Nuñez Ponasso Guillermo, McSweeney Ryan C, Wartman William A, Lai Peiyao, Haueisen Jens, Maess Burkhard, Knösche Thomas R, Weise Konstantin, Noetscher Gregory M, Raij Tommi, Makaroff Sergey N
Dept. of Electrical and Computer Engineering, Worcester Polytechnic Institute, Worcester, MA, USA.
Technische Universität Ilmenau, Ilmenau, Germany.
bioRxiv. 2024 May 21:2024.05.17.594750. doi: 10.1101/2024.05.17.594750.
To compare cortical dipole fitting spatial accuracy between the widely used yet highly simplified 3-layer and modern more realistic 5-layer BEM-FMM models with and without (AMR) methods.
We generate simulated noiseless 256-channel EEG data from 5-layer (7-compartment) meshes of 15 subjects from the Connectome Young Adult dataset. For each subject, we test four dipole positions, three sets of conductivity values, and two types of head segmentation. We use the (BEM) with (FMM) acceleration, with or without (AMR), for forward modeling. Dipole fitting is carried out with the FieldTrip MATLAB toolbox.
The average position error (across all tested dipoles, subjects, and models) is ~4 mm, with a standard deviation of ~2 mm. The orientation error is ~20° on average, with a standard deviation of ~15°. Without AMR, the numerical inaccuracies produce a larger disagreement between the 3- and 5-layer models, with an average position error of ~8 mm (6 mm standard deviation), and an orientation error of 28° (28° standard deviation).

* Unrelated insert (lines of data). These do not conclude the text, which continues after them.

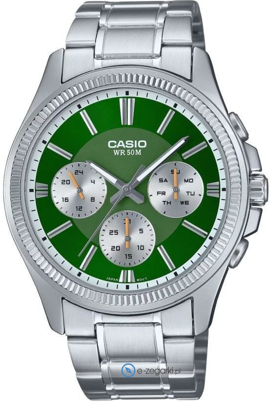 Męski zegarek Casio MTP-1375PD-3AVEF to zegarek, który dzięki swemu wzornictwu zawsze będzie prezentował się dobrze. Stylu dodaje wysokiej klasy cyferblat w kolorze zielonym. Zaprezentowana metodą analogową bieżąca godzina jest czytelna i prosta do sprawdzenia. Koperta jest ozdobiona kolorem srebrnym szeroka jest na 44 mm oraz ma grubość 11 mm - w kształcie okrągłym.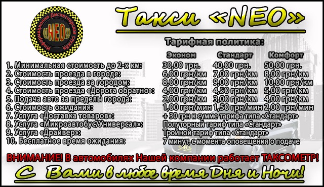 Такси «NEO» круглосуточно находится в полной готовности. Мы только ждем сигнала — Вашего звонка, для того чтобы оперативно доставить Вас в любую точку Чернигова и за его пределы.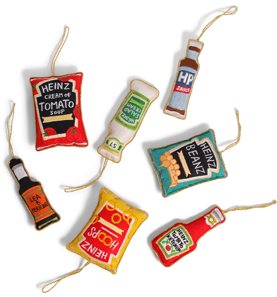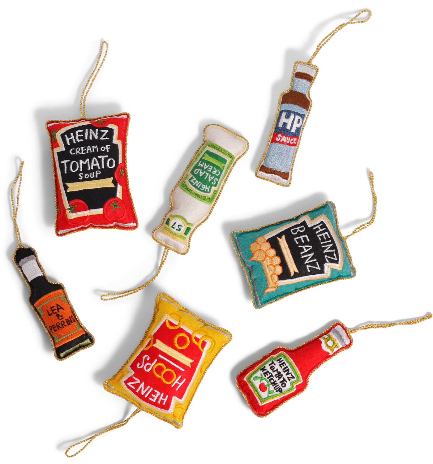 Stitched with a wink to the nation’s favourite food cupboard staples, these embroidered decorations are handmade in India by skilled artisans. Part of an official collaboration with Heinz, each piece captures the charm of an icon — in thread, not glass.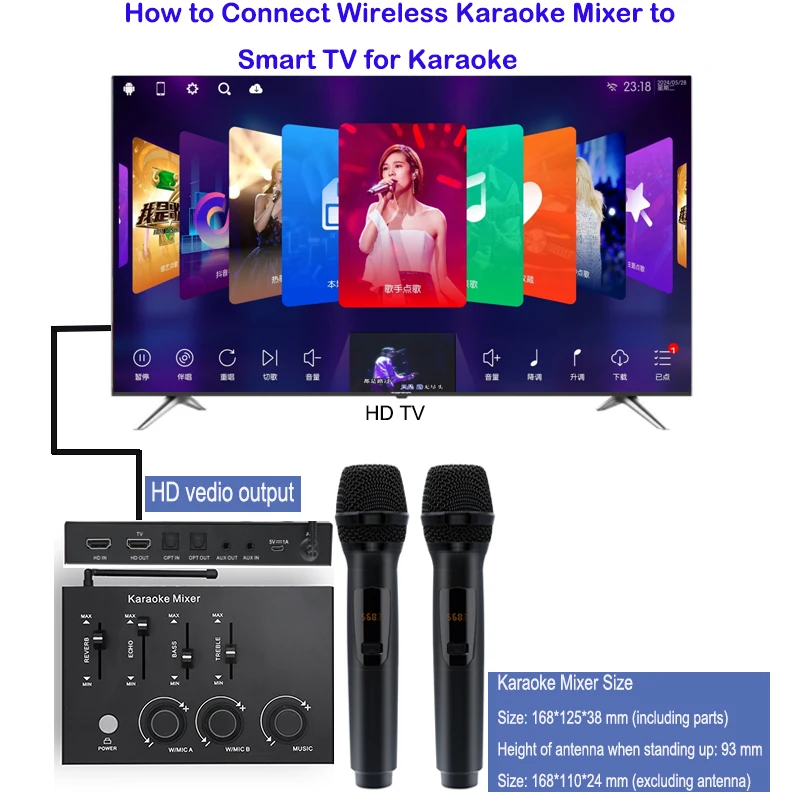 New Arrival OEM BT HD Karaoke Mixer Home Theater Uhf Wireless Microphone Receiver System for Smart TV PC Amplifier Speaker
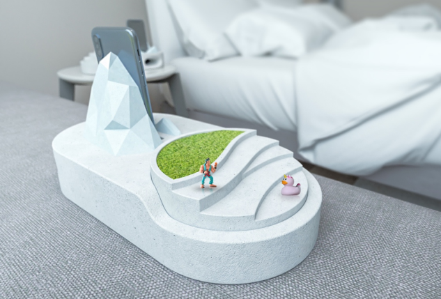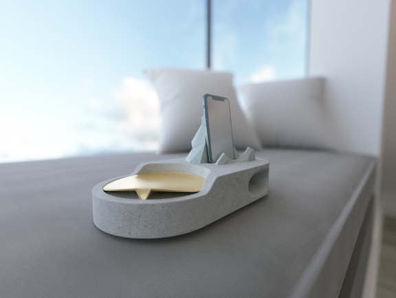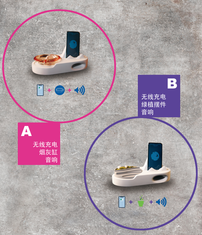 作品说明:特种水泥制作而成,产品分为A、B两款,A款是充电器+一个水泥绿植花盆,可以用来种绿植,桌面布景,花盆可以拿起来与基座脱离;B款是充电器+一个铜制的烟灰缸,烟灰缸可以拿起来与基座脱离。将手机靠在冰山上,即可为手机无线充电,同时基座的设计让手机在播放音乐时有了物理扩音和美音的效果。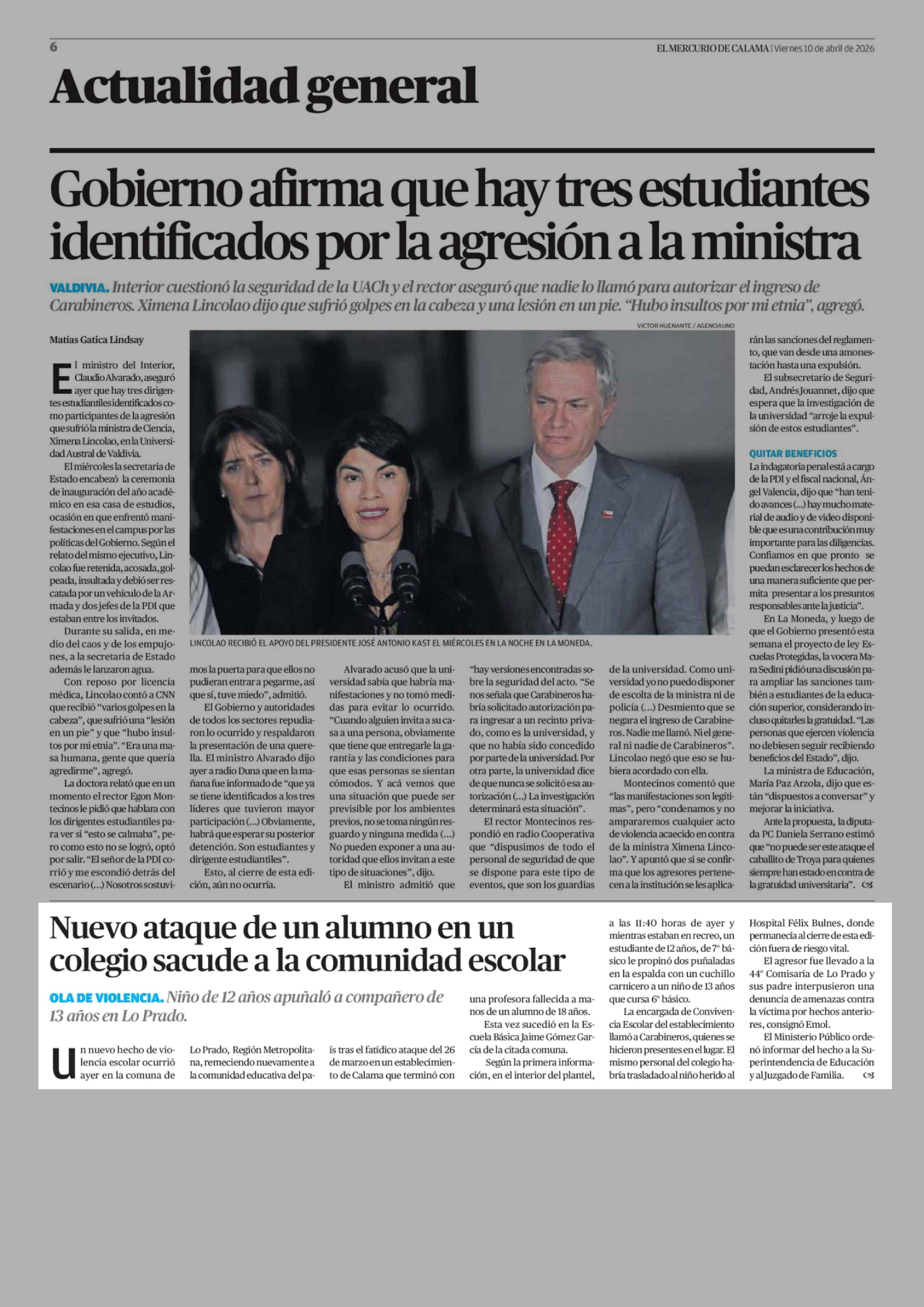 Nuevo ataque de un alumno en un colegio sacude a la comunidad escolar 10-04-2026 El Mercurio de Calama |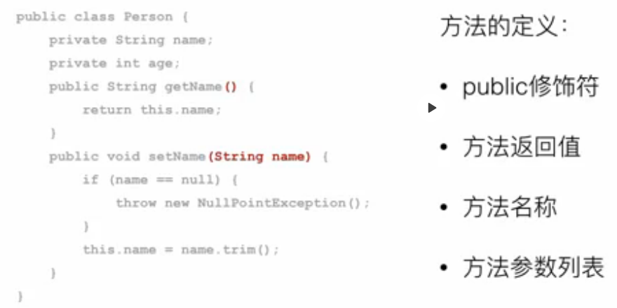 方法必须有返回值, setName()方法没有返回值,所以前面必须写void.

The low-resolution 3-layer models provide excellent accuracy in dipole localization. On the other hand, dipole orientation is retrieved less accurately. Therefore, certain applications may require more realistic models for practical source reconstruction. AMR is a critical component for improving the accuracy of forward EEG computations using a high-resolution 5-layer volume conduction model.
Improving EEG source reconstruction accuracy is important for several clinical applications, including epilepsy and other seizure-inducing conditions.

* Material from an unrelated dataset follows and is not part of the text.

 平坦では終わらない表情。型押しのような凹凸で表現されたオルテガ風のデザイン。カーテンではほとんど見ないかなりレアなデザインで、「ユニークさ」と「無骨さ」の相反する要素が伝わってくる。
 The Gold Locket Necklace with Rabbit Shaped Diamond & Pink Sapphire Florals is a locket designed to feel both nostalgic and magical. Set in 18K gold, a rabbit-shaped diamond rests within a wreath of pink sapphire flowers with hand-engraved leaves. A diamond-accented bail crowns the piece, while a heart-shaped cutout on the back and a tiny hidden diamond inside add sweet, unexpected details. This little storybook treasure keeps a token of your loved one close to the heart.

比较广泛使用但高度简化的三层和现代更逼真的五层边界元法-快速多极子法(BEM-FMM)模型在有无自适应网格细化(AMR)方法时的皮质偶极子拟合空间精度。
我们从连接组青年成人数据集中的15名受试者的五层(7个隔室)网格生成模拟无噪声256通道脑电图数据。对于每个受试者,我们测试四个偶极子位置、三组电导率值和两种头部分割类型。我们使用带有快速多极子法(FMM)加速的边界元法(BEM),有或没有自适应网格细化(AMR),用于正向建模。使用FieldTrip MATLAB工具箱进行偶极子拟合。
平均位置误差(在所有测试的偶极子、受试者和模型中)约为4毫米,标准差约为2毫米。方向误差平均约为20°,标准差约为15°。没有自适应网格细化(AMR)时,数值不准确性会导致三层和五层模型之间的差异更大,平均位置误差约为8毫米(标准差6毫米),方向误差为28°(标准差28°)。
低分辨率的三层模型在偶极子定位方面提供了出色的精度。另一方面,偶极子方向的检索不太准确。因此,某些应用可能需要更逼真的模型来进行实际的源重建。自适应网格细化(AMR)是使用高分辨率五层体积传导模型提高脑电图正向计算精度的关键组件。
提高脑电图源重建精度对于包括癫痫和其他诱发癫痫的病症在内的多种临床应用非常重要。